EasyRec支持csv和Parquet两种Hive文件存储格式。本文通过示例为您介绍,如何基于Hive在Data Science集群进行EasyRec模型训练、评估和预测。
前提条件
操作步骤
- 开放安全组。将DataScience集群的所有公网IP地址,添加至Hadoop集群的安全组中,端口为10000和9000,详情请参见添加安全组规则。
- 修改ml_on_ds目录下的文件。
- 上传获取到的dsdemo*.zip至DataScience集群的header节点。

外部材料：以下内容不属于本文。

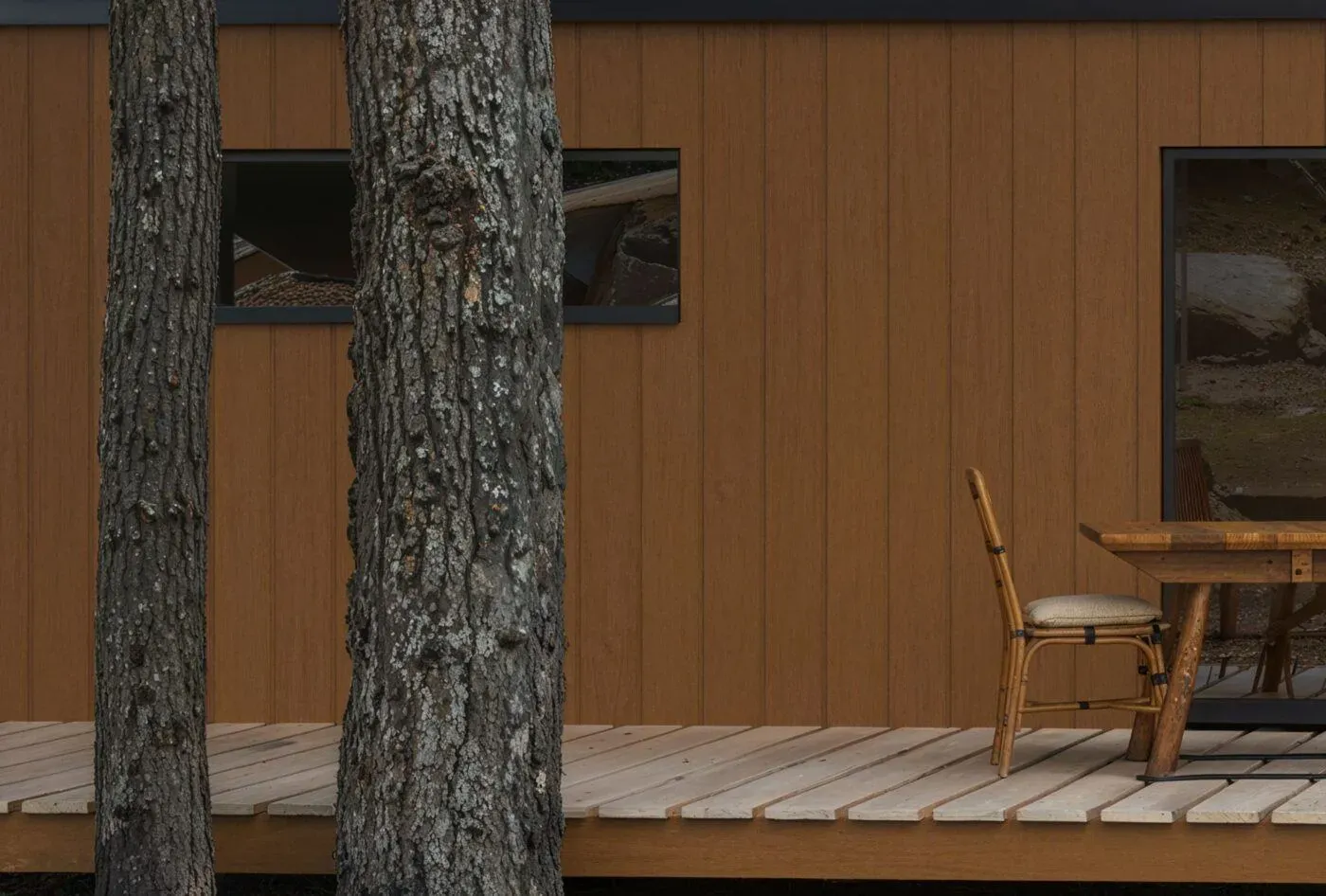 This beautiful house in the woods demonstrates how Kerama Harvest cladding blends perfectly with nature. The warm wood texture and deep tones provide an authentic, rustic appearance.
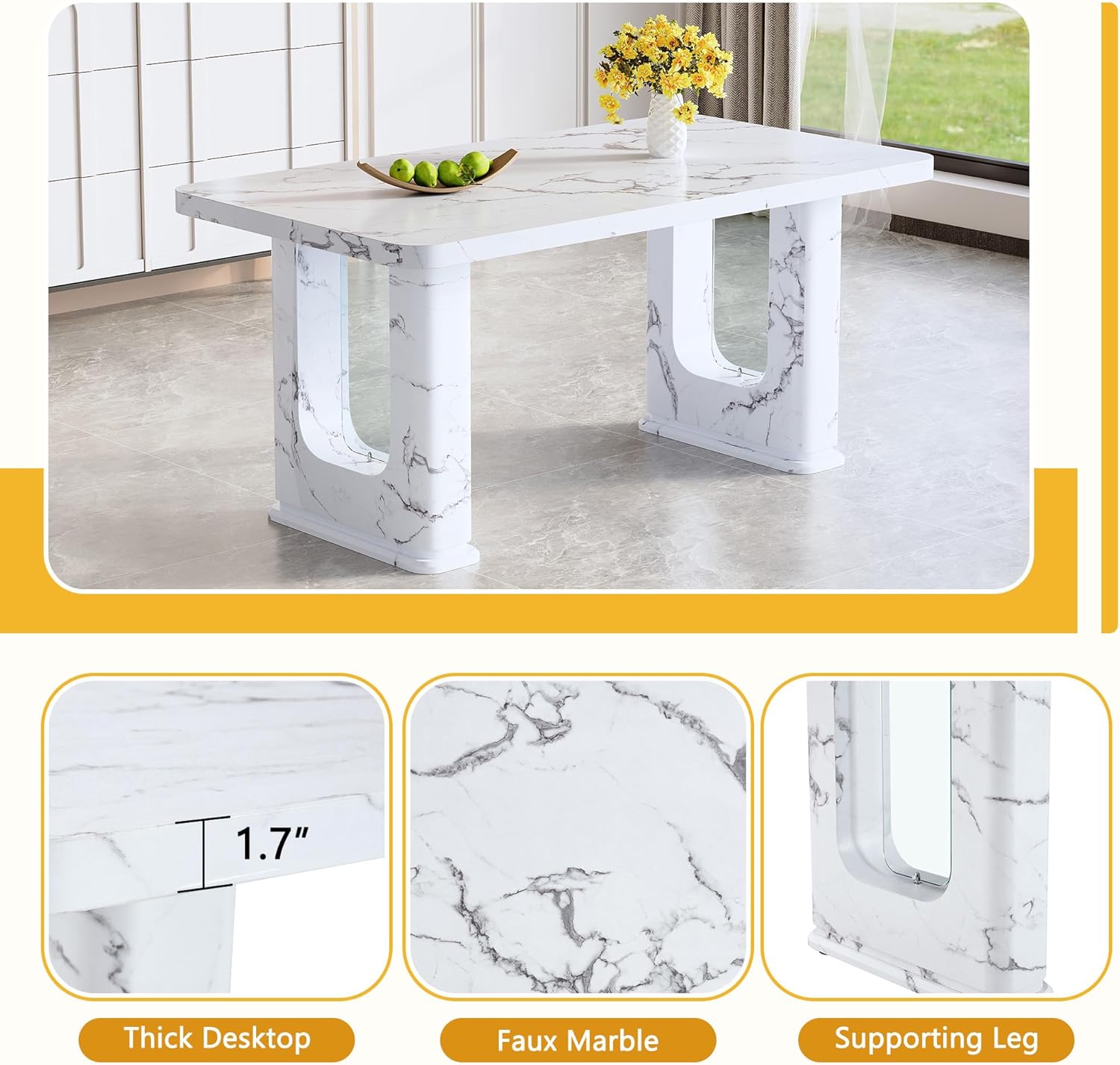 • Tabletop Material: White faux marble finish with realistic veining pattern
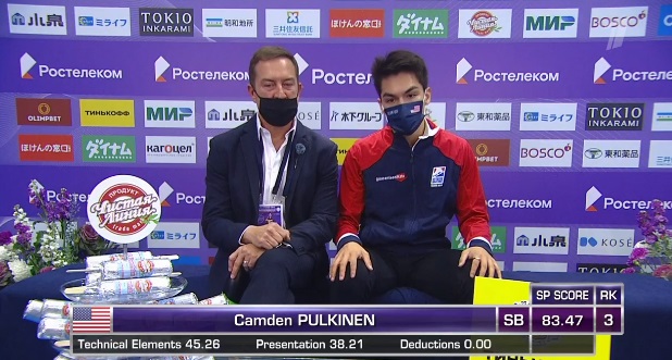 В начале добротный четверной тулуп, затем чистый тройной аксель, а во второй части проката каскад 3 лутц + 3 тулуп, и вот в нем случилась ошибка на выезде со второго прыжка. Вращения и дорожка и у Пулкинена были на четвертый уровень.
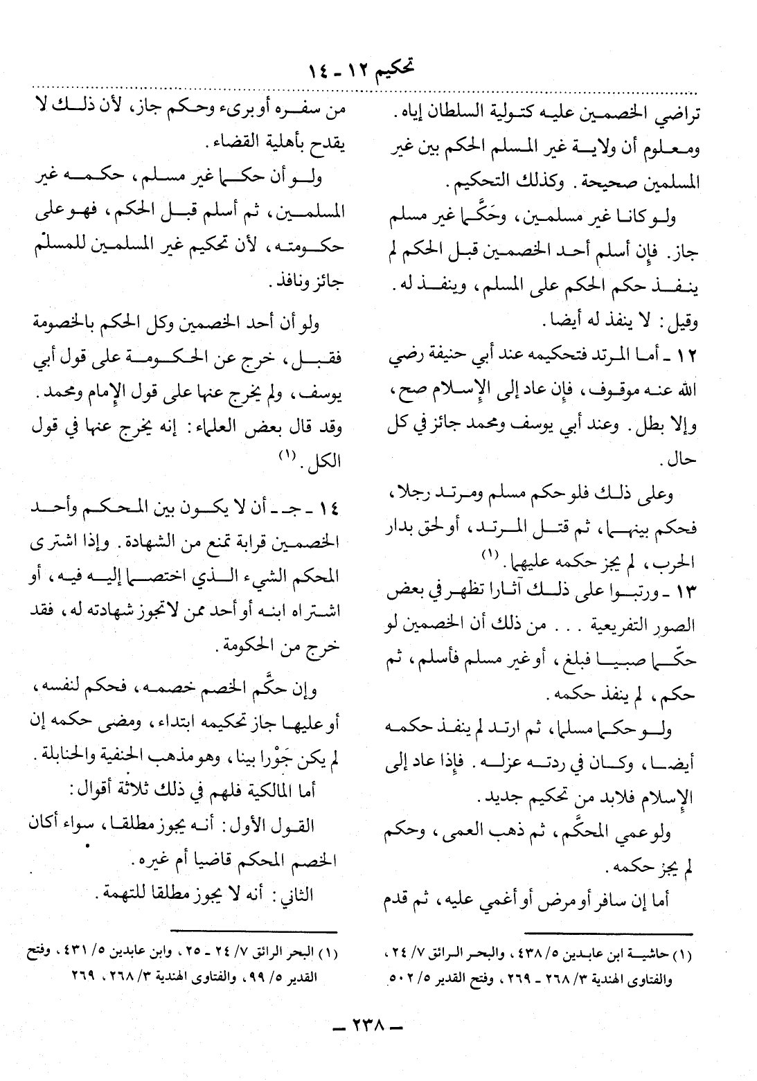 (1) حاشية ابن عابدين 5 / 438، والبحر الرائق 7 / 24، والفتاوى الهندية 3 / 268 - 269، وفتح القدير 5 / 502.

- 通过SSH方式连接DataScience集群,详情请参见登录集群。
- 解压dsdemo*.zip。
- 修改ml_on_ds目录下的easyrec_model.config文件。使用./ml_on_ds/testdata/dssm_hiveinput/dssm_hive_csv_input.config或dssm_hive_parquet_input.config作为easyrec_model.config。
yes | cp ./testdata/dssm_hiveinput/dssm_hive_csv_input.config ./easyrec_model.config
easyrec_model.config的代码片段如下,根据集群信息修改host和username。
hive_train_input { host: "*.*.*.*" username: "admin" port:10000 } hive_eval_input { host: "*.*.*.*" username: "admin" port:10000 } train_config { ... } eval_config { ... } data_config { input_type: HiveInput eval_batch_size: 1024 ... }
参数 描述 host Hadoop集群Header节点的外网IP地址。 username Hadoop集群LDAP的用户名。默认为admin。 input_type 输入类型。EasyRec支持HiveInput和HiveParquetInput两种关于Hive的输入类型。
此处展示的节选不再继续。